Merlin Crossley is an Australian molecular biologist, university teacher and administrator. In 2016, he was appointed as Deputy Vice-Chancellor (Academic) at the University of New South Wales.

Early life and career
Crossley attended Mount View Primary School, Glen Waverley, Victoria, then was awarded an entrance scholarship to Melbourne Grammar School, where he was dux. He undertook a Bachelor of Science at the University of Melbourne, as a resident of Queen's College (University of Melbourne), then a doctorate at the University of Oxford supported by a Rhodes Scholarship at Magdalen College, Oxford. He worked at Oxford, Harvard and the University of Sydney, before moving to UNSW as Dean of Science. In recognition of his service on the Trust of the Australian Museum a new species of butterfly bobtail squid was named in his honour - Iridoteuthis merlini - Merlin's bobtail squid.

Research
Crossley is interested in gene regulation. He studied an unusual genetic disorder termed Haemophilia B Leyden where patients recover after puberty. The condition results from mutations that disrupt the control region of the clotting factor IX gene.
A testosterone-responsive element accounts for post-pubertal recovery.

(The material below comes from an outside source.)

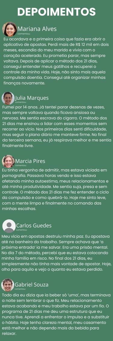 O método de 21 dias é simples, eficiente e pode ser aplicado por qualquer pessoa, independentemente do tipo de vício, celular, comida, álcool, pornografia, procrastinação, jogos, compras e muitos outros.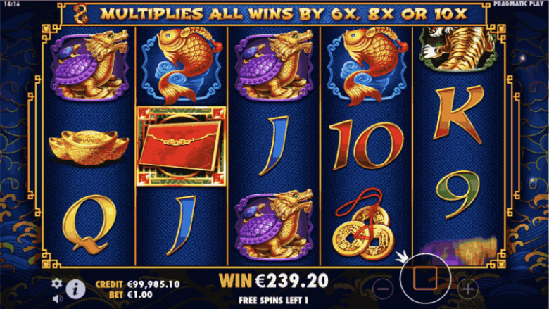 Envelop — you can play the pretty profitable bonus game using this icon. Once you hit 3 Envelopes anywhere, you will see the screen with 5 dragons. 4 come with a fixed number of free spins and a range of multipliers. The 5th one gives you a random number of spins and a random set of multipliers. A multiplier from the chosen range will be applied to the win if the Dragon comprises the winning line in a full view during the bonus game.

He has also investigated abnormal patterns of globin gene expression and his work on mutations associated with the lifelong expression of the foetal haemoglobin gene may help in the treatment of thalassemia and sickle cell anaemia. He is using CRISPR-mediated gene editing to introduce beneficial mutations in cell lines as models for treating genetic diseases.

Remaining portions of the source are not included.